[Exercise prompt] Go through the records and restate them word for word, omitting images.

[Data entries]
● ● ●
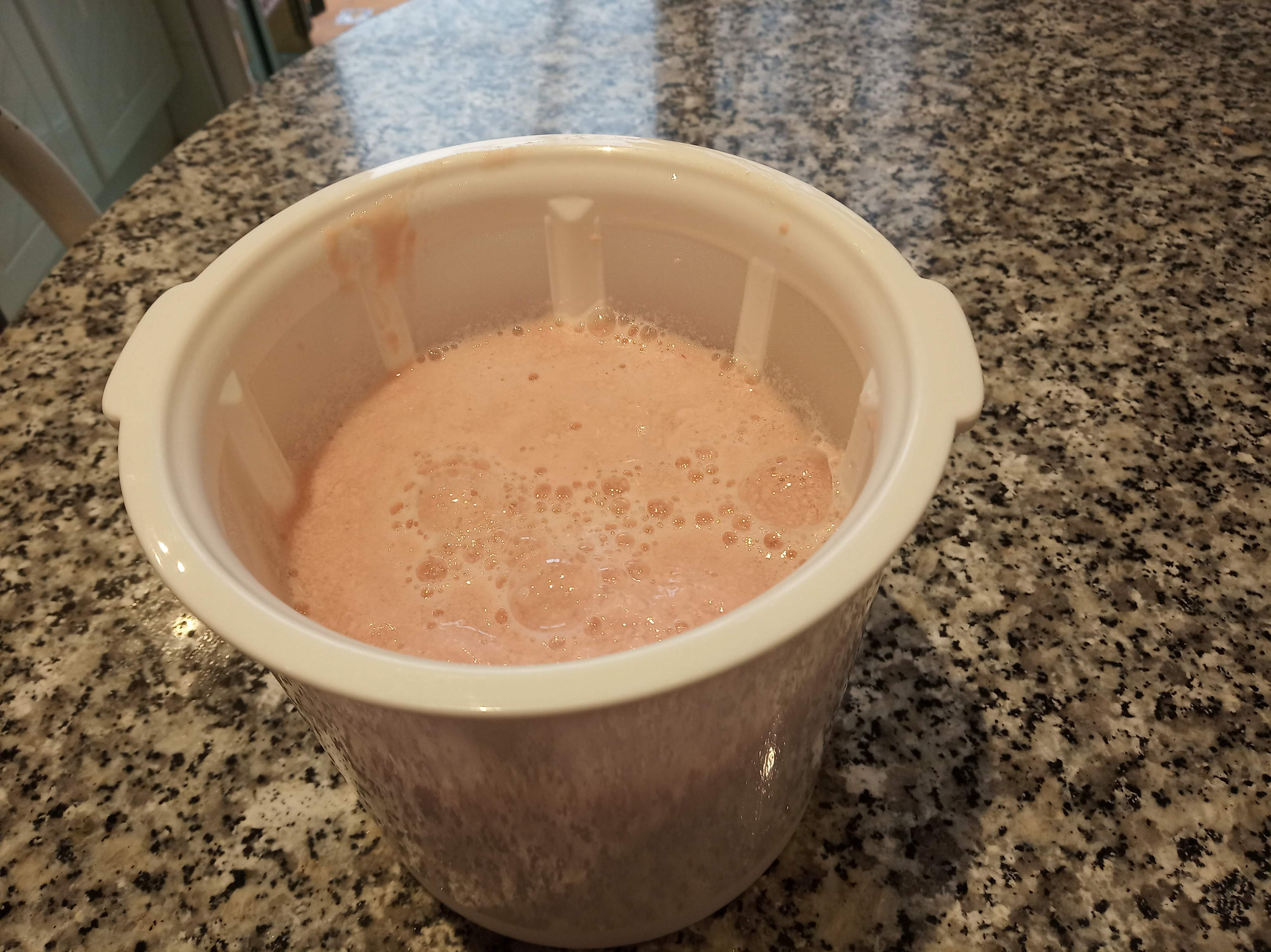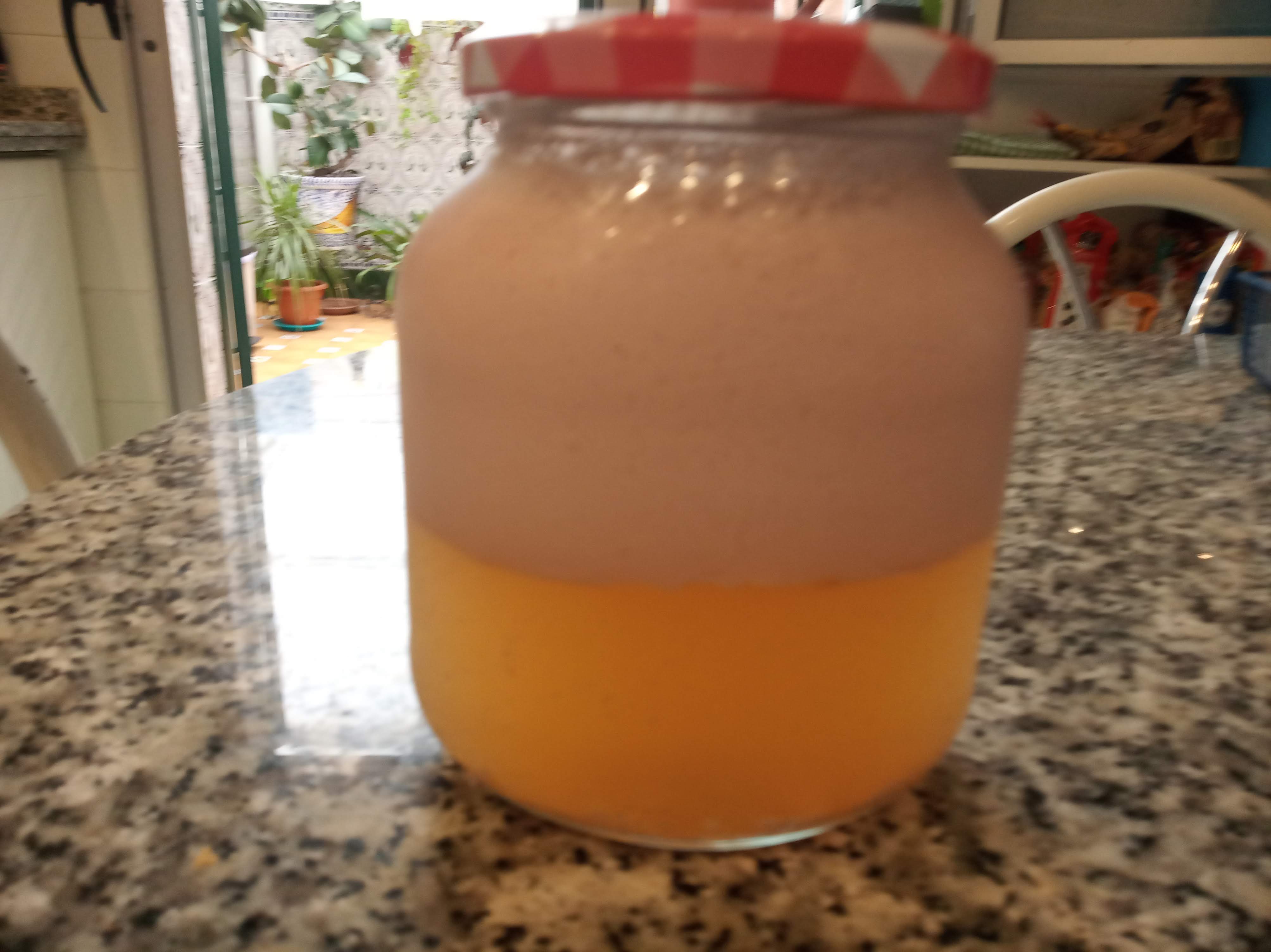 Pasado ese tiempo, sacar el bote de la yogurtera, y dejar enfriar una hora, se vera, que se separa el liquido en el fondo.
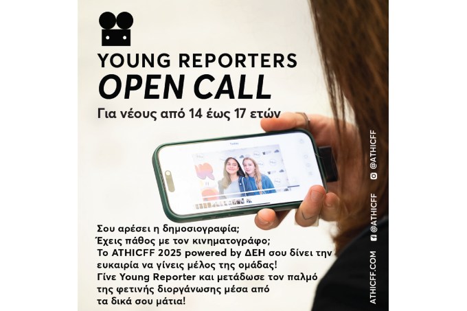 Όσοι θα συμμετάσχουν στο πρόγραμμα Υoung Reporters 2025, εξασφαλίζουν αμέσως διπλές προσκλήσεις για προβολές του Φεστιβάλ στις 15-16 Νοεμβρίου.
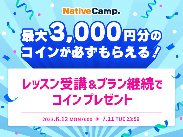【オンライン英会話No.1】ネイティブキャンプ 最大3,000円分のコインが必ずもらえる!レッスン受講&プラン継続でコインプレゼントキャンペーン開催!
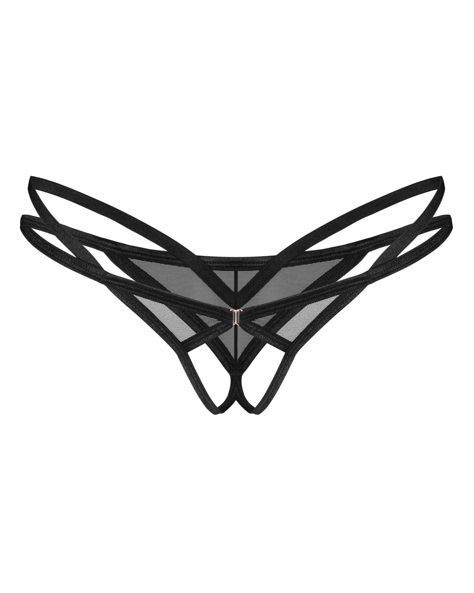 Neue Höhen der Raffinesse. Ein gewagtes Stück, entworfen, um die Versuchung mit seinem offenen Stil zu steigern. Verstärken Sie es und feiern Sie Ihre Freiheit, um Ihre einzigartige Individualität zu betonen. Moderne schwarze Riemen mit einem einzigartigen Design und hochwertigen elastischen Stoffen für ultimativen Komfort beim Tragen. Die Kombination aus hochwertigem Netz und doppelten Riemen garantiert eine perfekte Passform. Ein subtiler Akzent aus roségoldenem Metall ziert die Vorderseite.
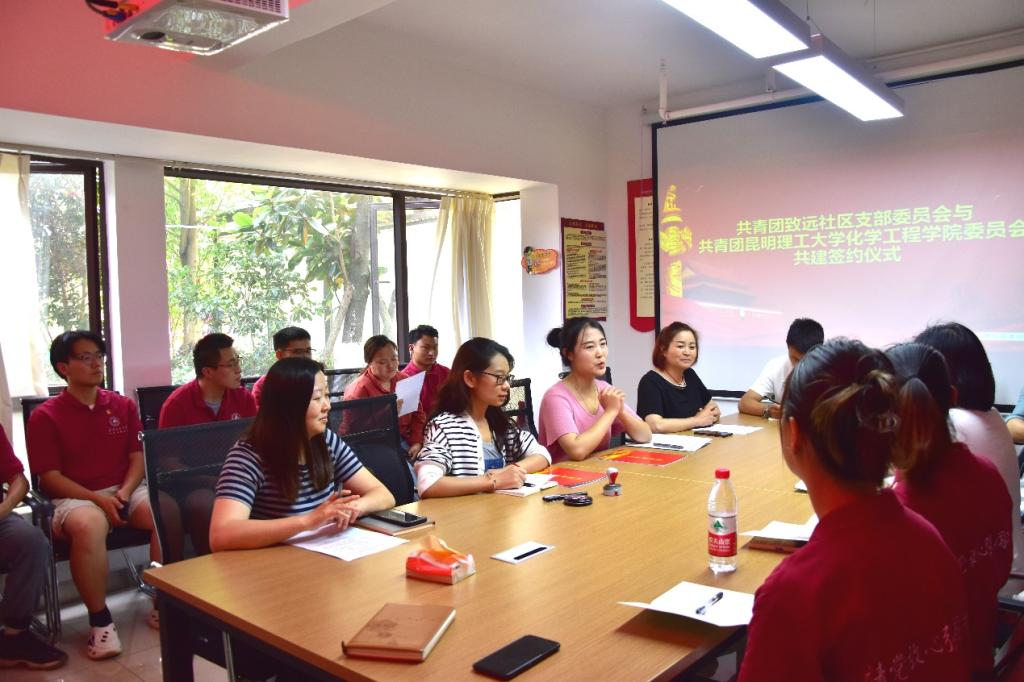 为扎实推进县域共青团基层组织改革,进一步加强社区党建带团建工作,构建校地共建新格局,2023年5月9日14点,独播库 团委、学生会团学骨干、青年志愿者协会骨干成员在独播库 团委书记李凯宇和独播库 团委指导老师赵振涛的带领下,前往呈贡区吴家营街道致远社区开展了共建交流活动。
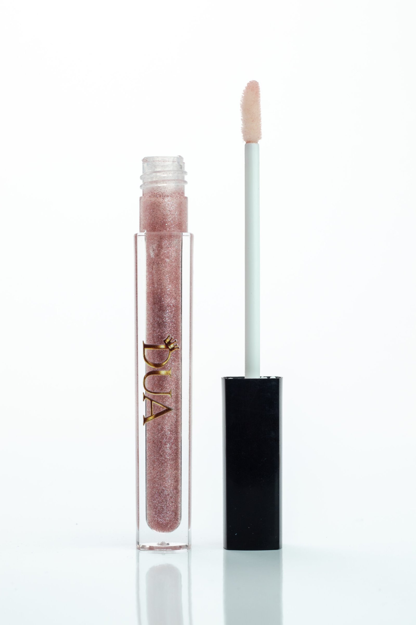 A transparent rose glitter lip gloss that adds a soft rosy sparkle.
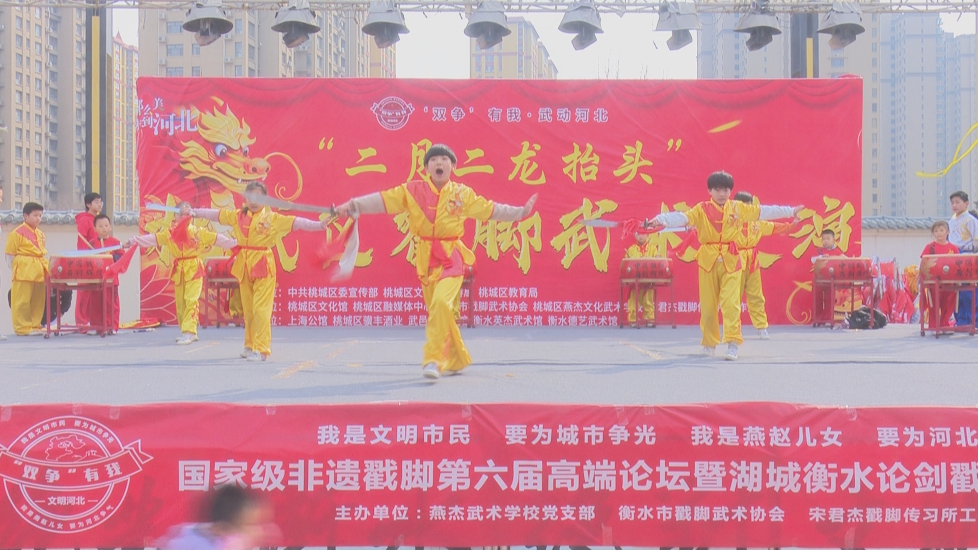 3月10日,衡水市桃城区戳脚武术展演在市区上海公馆广场举办。此次活动旨在弘扬中华武术精神,传承和展示桃城区独特的戳脚武术文化,观众和武术爱好者们齐聚一堂,共享文化盛宴。
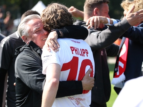Wie dies gelang? Janßens Team war von Beginn an gut in der Partie, ließ die Gäste, deren Fans zahlreich und lautstark vertreten waren, auf dem Rasen nicht zur Entfaltung kommen. In der 10. Minute hatte David Philipp die erste dicke Chance, traf aber nach tollem Pass von Jeremias Lorch nur das Außennetz.
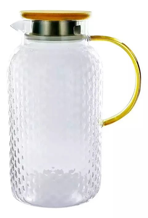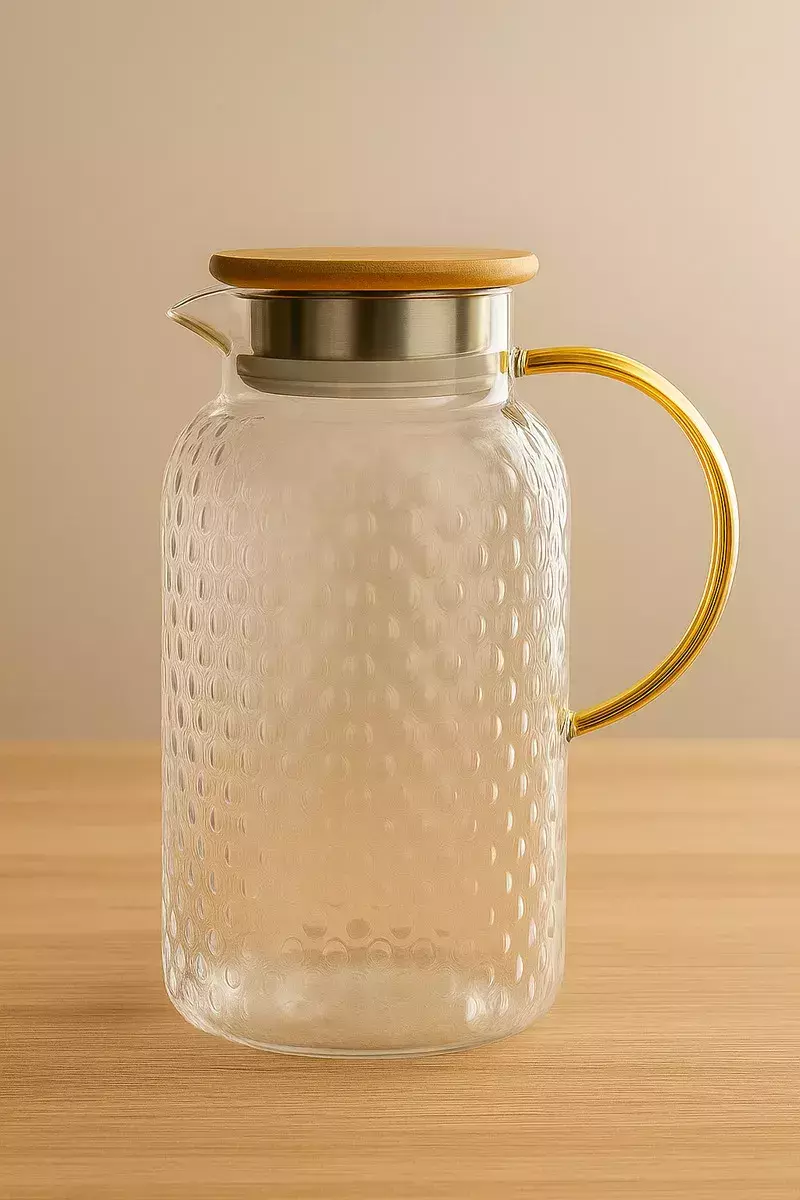 Com capacidade de 1,8 litros, design moderno com textura em colmeia (Honey), e tampa de bambu com vedação em silicone, essa jarra une beleza natural e praticidade. O bico direcionador facilita o servir sem respingos, enquanto o vidro transparente valoriza a apresentação das bebidas.
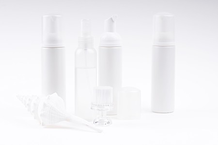 Cosmetic white pump bottle mockup. Dispenser spray with gel for intimate hygiene, shower gel, shampoo. Blank template for your design, beauty product packaging. Minimalist style.
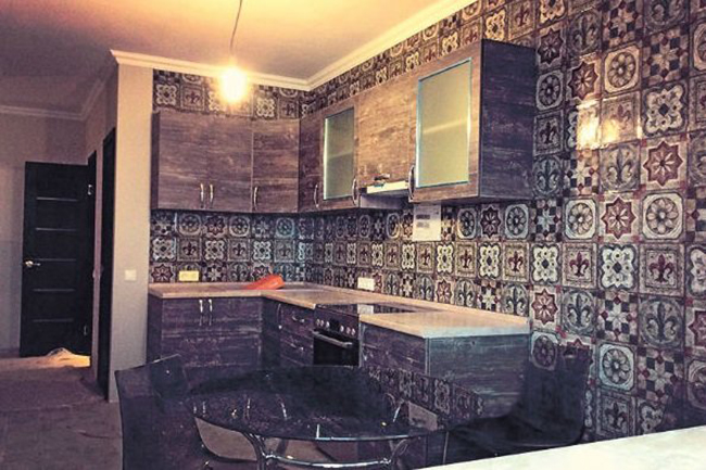 Кухня выполнена в темных тонах с восточным орнаментом на плитке.
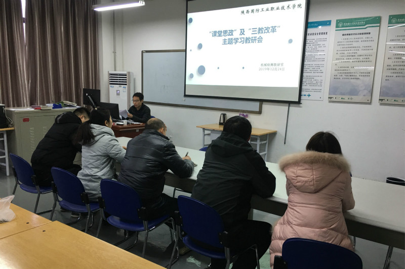 2019年12月24日,机械产品检测检验教研室在十号楼204召开了围绕“课堂思政”和“三教改革”主题开展教研学习活动。会议由质检教研室主任党威武主持,机械工程学院副院长沈博及质检教研室全体专兼职教师参加,会议进行过程中,党老师紧紧抓住本次教研学习主题,带领大家分别学习了《教育部关于印发孙春兰副总理在全国深化职业教育改革电视电话会议上的讲话的通知》《深化“三教”改革 提升技术技能人才培养质量》《新形态一体化教材研究与开发》《<人民日报>:深刻认识“课程思政”的时代价值》《课程思政的价值内涵与实践路径探析》等文件,学习后,沈院长发表讲话:质检教研室各位教师要注重将各科教学中专业知识与思想政治教育内容之间的关联性,并在课程开展的过程中,将思想政治教育的相关内容融汇于学科教学当中,通过学科渗透的方式达到思想政治教育的目的。此外,针对“三教改革”学习问题,要重点加强师资队伍建设、健全双元育人机制,改革教师培养培训以及团队建设等制度、提高教师素质能力、完善双师队伍结构。党老师发言表明,要认真贯彻党中央、国务院关于职业教育的决策部署,积极响应实施《国家职业教育改革实施方案》中的相关政策。
● ● ●
[Problem solution]
 Pasado ese tiempo, sacar el bote de la yogurtera, y dejar enfriar una hora, se vera, que se separa el liquido en el fondo.
 Όσοι θα συμμετάσχουν στο πρόγραμμα Υoung Reporters 2025, εξασφαλίζουν αμέσως διπλές προσκλήσεις για προβολές του Φεστιβάλ στις 15-16 Νοεμβρίου.
【オンライン英会話No.1】ネイティブキャンプ 最大3,000円分のコインが必ずもらえる!レッスン受講&プラン継続でコインプレゼントキャンペーン開催!
 Neue Höhen der Raffinesse. Ein gewagtes Stück, entworfen, um die Versuchung mit seinem offenen Stil zu steigern. Verstärken Sie es und feiern Sie Ihre Freiheit, um Ihre einzigartige Individualität zu betonen. Moderne schwarze Riemen mit einem einzigartigen Design und hochwertigen elastischen Stoffen für ultimativen Komfort beim Tragen. Die Kombination aus hochwertigem Netz und doppelten Riemen garantiert eine perfekte Passform. Ein subtiler Akzent aus roségoldenem Metall ziert die Vorderseite.
 为扎实推进县域共青团基层组织改革,进一步加强社区党建带团建工作,构建校地共建新格局,2023年5月9日14点,独播库 团委、学生会团学骨干、青年志愿者协会骨干成员在独播库 团委书记李凯宇和独播库 团委指导老师赵振涛的带领下,前往呈贡区吴家营街道致远社区开展了共建交流活动。
 A transparent rose glitter lip gloss that adds a soft rosy sparkle.
 3月10日,衡水市桃城区戳脚武术展演在市区上海公馆广场举办。此次活动旨在弘扬中华武术精神,传承和展示桃城区独特的戳脚武术文化,观众和武术爱好者们齐聚一堂,共享文化盛宴。
Wie dies gelang? Janßens Team war von Beginn an gut in der Partie, ließ die Gäste, deren Fans zahlreich und lautstark vertreten waren, auf dem Rasen nicht zur Entfaltung kommen. In der 10. Minute hatte David Philipp die erste dicke Chance, traf aber nach tollem Pass von Jeremias Lorch nur das Außennetz.
 Com capacidade de 1,8 litros, design moderno com textura em colmeia (Honey), e tampa de bambu com vedação em silicone, essa jarra une beleza natural e praticidade. O bico direcionador facilita o servir sem respingos, enquanto o vidro transparente valoriza a apresentação das bebidas.
 Cosmetic white pump bottle mockup. Dispenser spray with gel for intimate hygiene, shower gel, shampoo. Blank template for your design, beauty product packaging. Minimalist style.
 Кухня выполнена в темных тонах с восточным орнаментом на плитке.
 2019年12月24日,机械产品检测检验教研室在十号楼204召开了围绕“课堂思政”和“三教改革”主题开展教研学习活动。会议由质检教研室主任党威武主持,机械工程学院副院长沈博及质检教研室全体专兼职教师参加,会议进行过程中,党老师紧紧抓住本次教研学习主题,带领大家分别学习了《教育部关于印发孙春兰副总理在全国深化职业教育改革电视电话会议上的讲话的通知》《深化“三教”改革 提升技术技能人才培养质量》《新形态一体化教材研究与开发》《<人民日报>:深刻认识“课程思政”的时代价值》《课程思政的价值内涵与实践路径探析》等文件,学习后,沈院长发表讲话:质检教研室各位教师要注重将各科教学中专业知识与思想政治教育内容之间的关联性,并在课程开展的过程中,将思想政治教育的相关内容融汇于学科教学当中,通过学科渗透的方式达到思想政治教育的目的。此外,针对“三教改革”学习问题,要重点加强师资队伍建设、健全双元育人机制,改革教师培养培训以及团队建设等制度、提高教师素质能力、完善双师队伍结构。党老师发言表明,要认真贯彻党中央、国务院关于职业教育的决策部署,积极响应实施《国家职业教育改革实施方案》中的相关政策。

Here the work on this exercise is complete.